Sarrazin geht analog zu Huntington von einer höheren Fertilität von Muslimen aus. Entgegen anderer sozialwissenschaftlicher Befunde behauptet er, diese bliebe „dauerhaft höher als die der autochthonen Bevölkerung“ (Sarrazin 2010, S. 259). Er sieht dadurch die Gefahr, dass der deutsche Staat und die deutsche Gesellschaft im Laufe weniger Generationen von den Migranten übernommen würde (Sarrazin 2010, S. 259). Er behauptet weiter, Zuwanderungs- und Integrationsproblematik gäbe es in Deutschland nur mit denjenigen Migranten, die den muslimischen Glauben teilen (Sarrazin 2010, S. 260). Weit ausgeprägter als andere Zuwanderungsgruppen (Muslime als Gruppe werden bei Sarrazin anders als die anderen Minderheiten in Deutschland nicht nach Nationalitäten differenziert) hätten „Muslime“ sowohl eine unterdurchschnittliche Beteiligung am Arbeitsmarkt als auch unterdurchschnittliche Erfolge im Bildungswesen und eine überdurchschnittliche Quote von Transferleistungsempfängern sowie eine überdurchschnittliche Beteiligung an der Gewaltkriminalität. Als Gründe nennt er unter anderem eine „starke Fixierung auf die heimatliche Kultur“ (Sarrazin 2010, S. 262). Als weitere Merkmale muslimischer Einwanderer und ihrer Nachkommen nennt Sarrazin: „räumliche Segregation mit der Tendenz zur Bildung von Parallelgesellschaften“, „überdurchschnittliche Religiosität mit wachsender Tendenz zu traditionalen beziehungsweise fundamentalistischen Strömungen des Islam“, „überdurchschnittliche Kriminalität, von der einfachen Gewaltkriminalität auf der Straße, bis hin zur Teilnahme an terroristischen Aktivitäten“ (Sarrazin 2010, S. 264–265). Die Reflexion über reale Macht- und Positionierungschancen muslimischer Einwanderer spart sich Sarrazin in seiner Analyse. Tatsachen, wie der Ausschluss eines großen Teils der eingewanderten Muslime von Privilegien wie der deutschen Staatsbürgerschaft, der aufgrund von Gastarbeiter- und Flüchtlingsstatus zustande kam, werden nicht thematisiert. Diese hatten allerdings negative Auswirkungen auf politische Partizipationsmöglichkeiten, Zugang zum Arbeitsmarkt und die räumliche Segregation von der Mehrheitsgesellschaft und damit letztendlich auch auf die Identifikation der Muslime mit dieser (Bade 1994, 2013; Treibel 2011).

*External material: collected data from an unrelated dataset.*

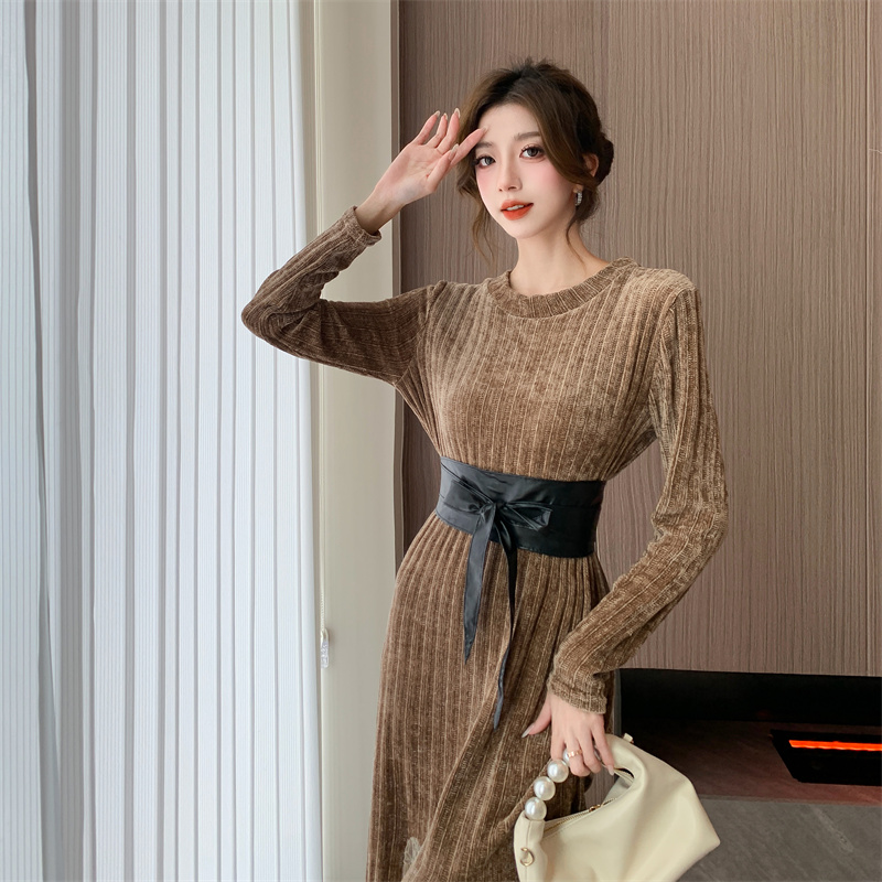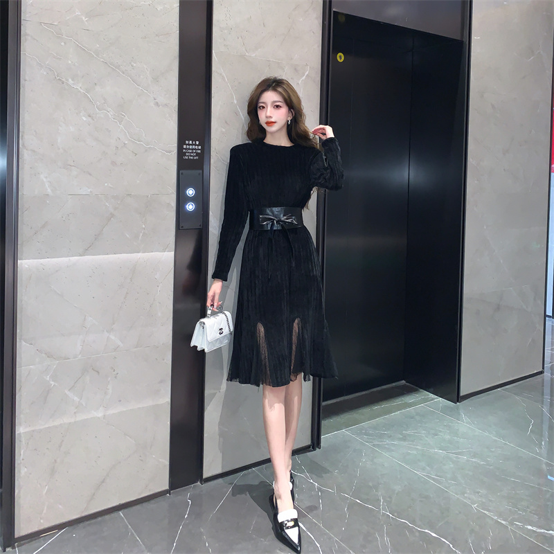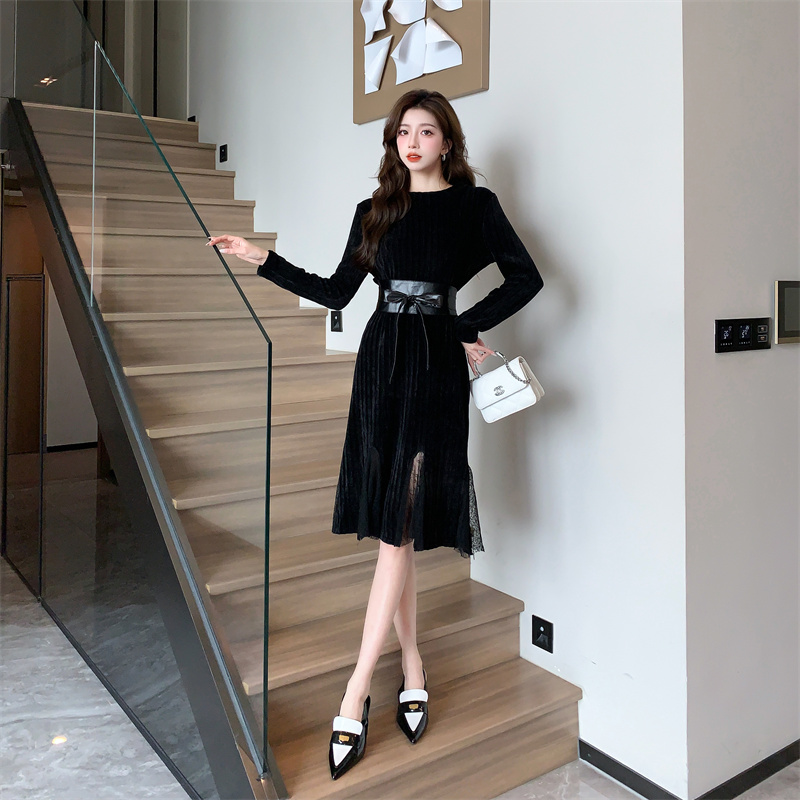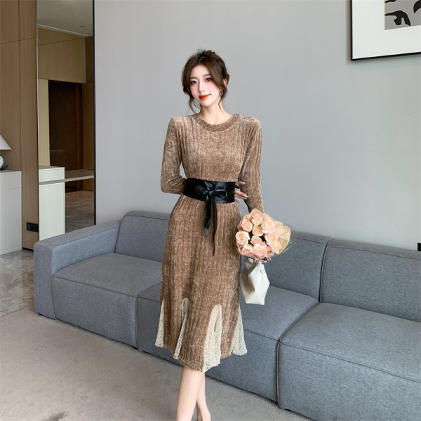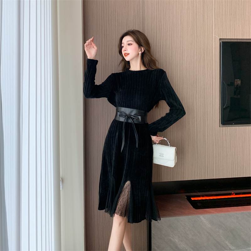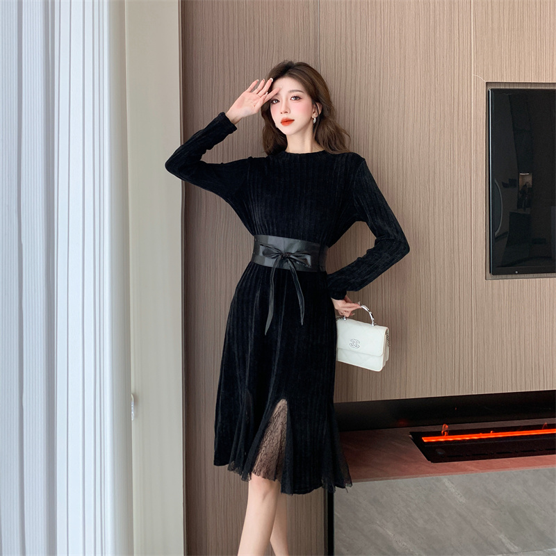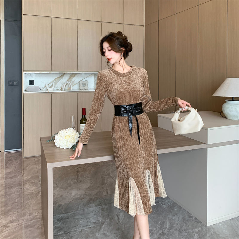 RM24973#名媛时尚半高领收腰蕾丝拼接鱼尾收腰打底连衣裙实价
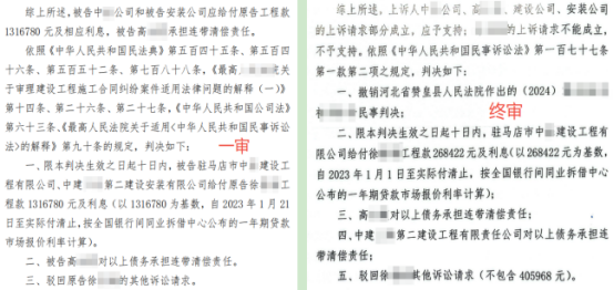 二、四级审理金额存在差异,证据采信与事实认定存有分歧该案历经四级审理,判决金额出现较大波动。核心争议在于对证据的采纳与事实认定存在不同认识。二审判决对三方签字确认的核心结算证据的证明力认定,与对另一方当事人所提供证据的证明力认定,形成了不同判断,导致二审判决结果与一审判决结果存在较大差异。
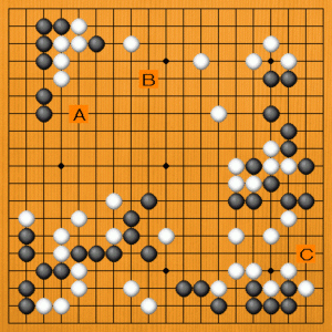 Aは上辺の模様を広げながら左辺の白に援軍を送る手です。Bは上辺をはっきり囲う手です。Cは生きを確実にする手です。
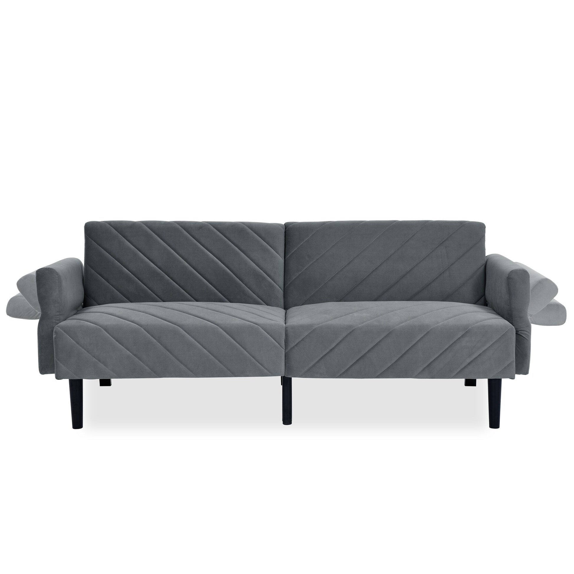 Canapé-lit futon convertible capitonné en velours gris 87 avec accoudoirs réglables pour salon
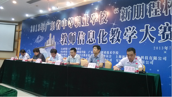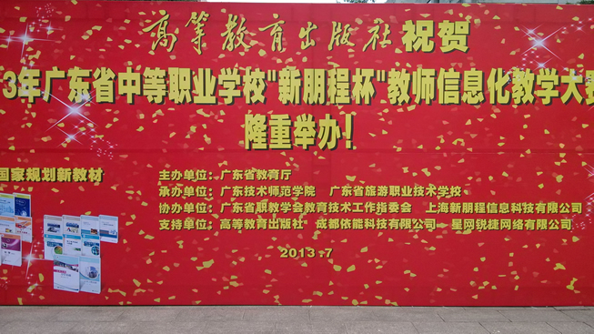 2013年7月6日至7月7日,由廣東省旅游職業(yè)技術學校和成都依能科技有限公司、高等教育出版社、星網銳捷承辦的“新朋程杯”全省中等職業(yè)學校教師信息化教學大賽隆重舉行,來自全省各市的50多支參賽隊共計100余名選手參加本次大賽,大賽分教學設計和多媒體軟件兩個項目。省教育廳高中職處饒洪彬調研員全程指導大賽組織工作,董家彪校長高度評價了參賽教師在本次大賽中提供的信息化教學典型范。
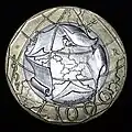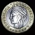 | Avers : L'inscription « repvbblica italiana » et Italia turrita (figure allégorique féminine personnifiant l'Italie) | Revers : Carte de l'Europe avec Allemagne réunifiée, valeur faciale et l'année | ||||
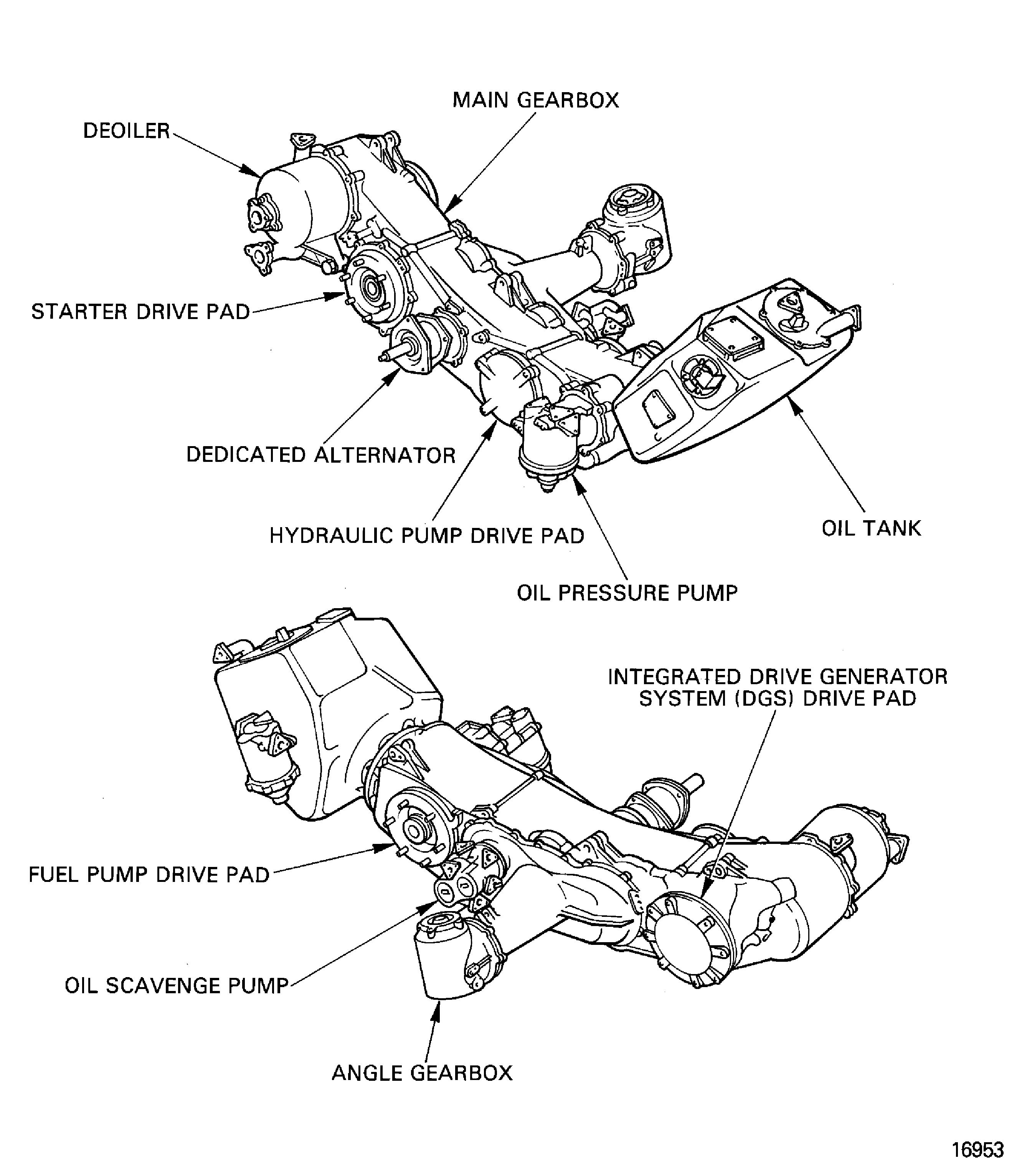 The main gearbox is installed forward of the angle gearbox. It is attached to the angle gearbox by an angle gearbox support and to the intermediate case flange by three joint links.

Die kulturelle, räumliche und optische Abgrenzung der Muslime von der Mehrheitsgesellschaft wird von Sarrazin als bewusste Strategie der muslimischen Einwanderer und ihrer Nachkommen interpretiert und bedingt seiner Meinung nach eine ablehnende Haltung der Mehrheitsgesellschaft:

Das hatte zur Folge, dass in allen betroffenen europäischen Ländern die Aggressionen der autochthonen Mehrheitsbevölkerung gegen diese fremde Bevölkerungsgruppe wuchsen, die in überdurchschnittlichem Maße von öffentlicher Unterstützung abhängig ist. (Sarrazin 2010, S. 265).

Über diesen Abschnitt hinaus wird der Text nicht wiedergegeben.